LLM08: Vector & Embedding Weaknesses

RAG systems use vector databases for context. If these are poisoned or manipulated, attackers can inject malicious data.
Mitigation: Monitor vector store access, validate indexed content, and authenticate embedding pipelines.

LLM09: Misinformation

LLMs may confidently generate false or biased content. Overreliance can lead to reputational or operational damage.
Mitigation: Flag low-confidence outputs, add citations in RAG, and encourage human review.

LLM10: Unbounded Consumption

LLMs can be abused to cause resource exhaustion or cost explosion via complex prompts or infinite loops.
Mitigation: Rate limit inputs, cap token usage, and monitor prompt cost metrics.

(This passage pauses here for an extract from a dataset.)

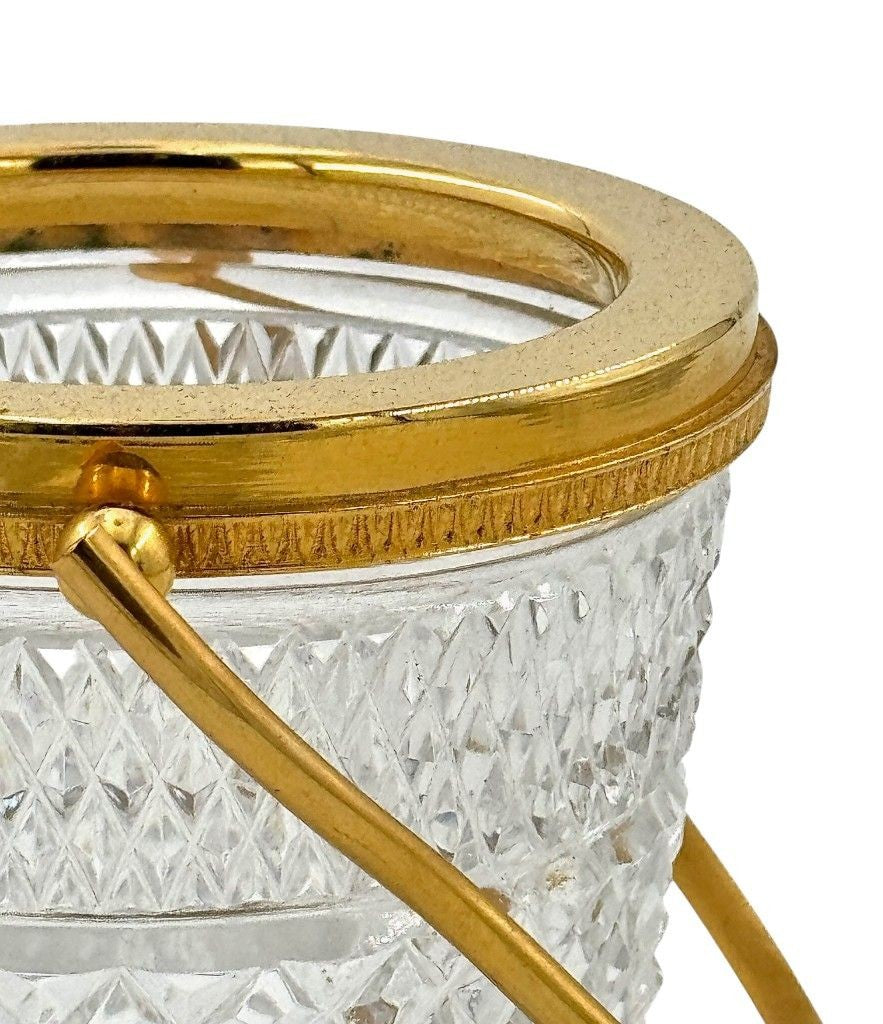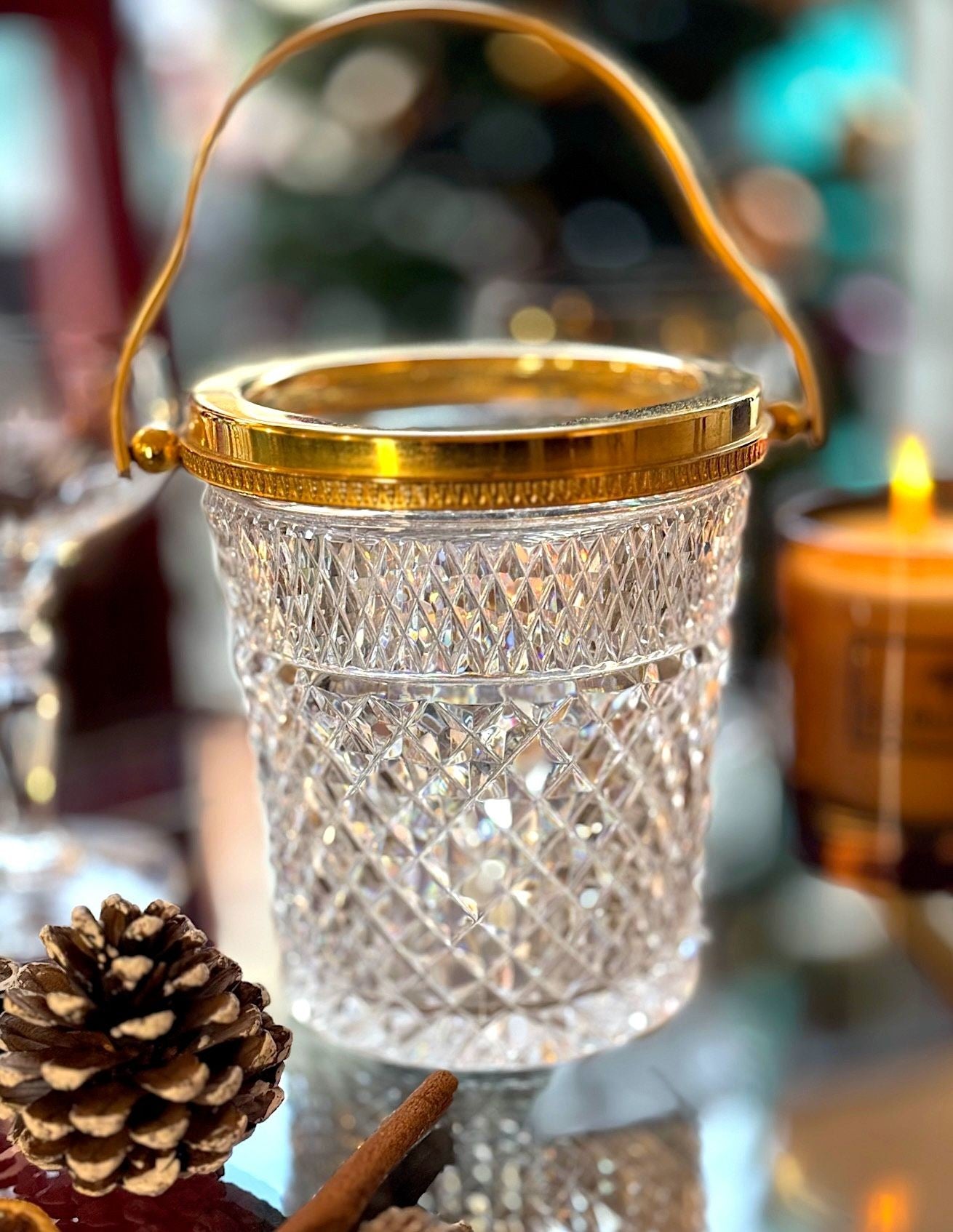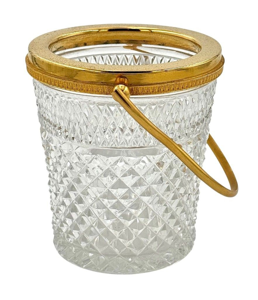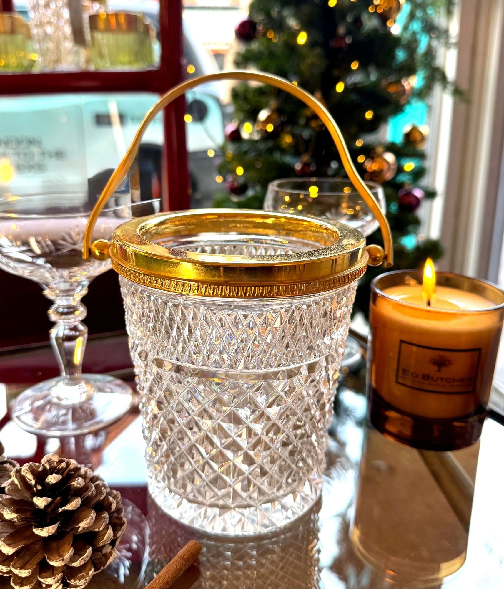 A 1960s Val Saint lambert cut crystal and gilt metal ice bucket with handle

Key Security Gaps in GenAI Deployments

  • Lack of audit logs for prompt/response history
  • No monitoring for vector store manipulation
  • Blind trust in third-party plugins
  • Failure to verify LLM-generated actions

Security Recommendations for GenAI

  • Treat GenAI as a privileged component in your architecture
  • Build prompt firewalls and use static/dynamic filtering
  • Monitor embedding pipelines and data provenance
  • Establish playbooks for GenAI red teaming

Conclusion

The GenAI revolution brought new capabilities and unprecedented risks. OWASP’s 2025 Top 10 list helps teams proactively secure LLM-based systems before attackers exploit them.
As GenAI becomes more embedded and autonomous, security cannot be an afterthought, it must be a foundational layer.